Steve Konkol, CUNA Mutual

  • Compared themselves to the Hulk. They wanted to change due to insatiable demand for data, current tools were not scalable, and lack of agility. It was taking too long to produce reports and then the reports were stale. Not sustainable.
  • Transformed organization with daily Tableau dashboard that have been automated and no longer have a need for reconciliation.
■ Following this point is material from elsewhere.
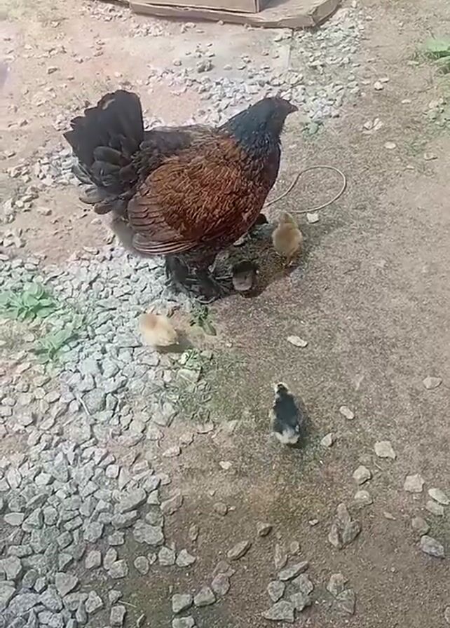 - "brown chicken with a black tail standing on a gravelly surface with her four chicks" by FM-sJmY43, licensed under CC BY 4.0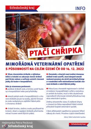 Státní veterinární správa (SVS) z důvodu přibývajících ohnisek vysoce patogenní ptačí chřipky v České republice vyhlašuje mimořádná veterinární opatření s celostátní působností.

Standard and simplified reporting with self-service capabilities that are scalable and agile.
  • Lessons Learned
    • executive leadership
    • skinny data (narrow versus wide, Tableau can create the joins and hierarchies)
    • kick start with help (consultants)
    • security and profiles (permissions)
    • visualizations versus spreadsheets (think differently)
    • drive adoption
      • communication plan
      • education
      • turn off old sources
      • white glove service
      • track usage

Jim Webb, MillerCoors

  • On premise consumption (bar/restaurant) versus off premise consumption (grocery store) purchase points. Focusing their efforts on bars or restaurants because that's where consumers find brands and fall in love with brands.
  • Before: variety of reports that each focus on a single metric across the entire universe that is a large spreadsheet.
  • Goal: each sales rep has an iPad and are empowered to use data. Make data mobile and distribute it quickly. Easily determine what brand is at risk while adding value to the outlet by presenting market data.
  • After: speaking the same language and measuring the same goals, addressing the right priorities, more engagement.
  • New hires expect the same level of integration and access to information as they do in their personal life


Each presenter tied their presentation back to the BI Trends discussion as well as provide some sort of personal impact story. I appreciate the thoughtfulness that connected each presentation together and allowed for a natural flow to the event.

Were you at the event? Do you have anything to add that I might have missed? Comment below!

I will leave you with this fantastic joke/quote that Jim Webb said during his presentation:

If you asked a Milwaukee bar owner what they know about Tableau they would say
"Tableau is a company that measures beer sales."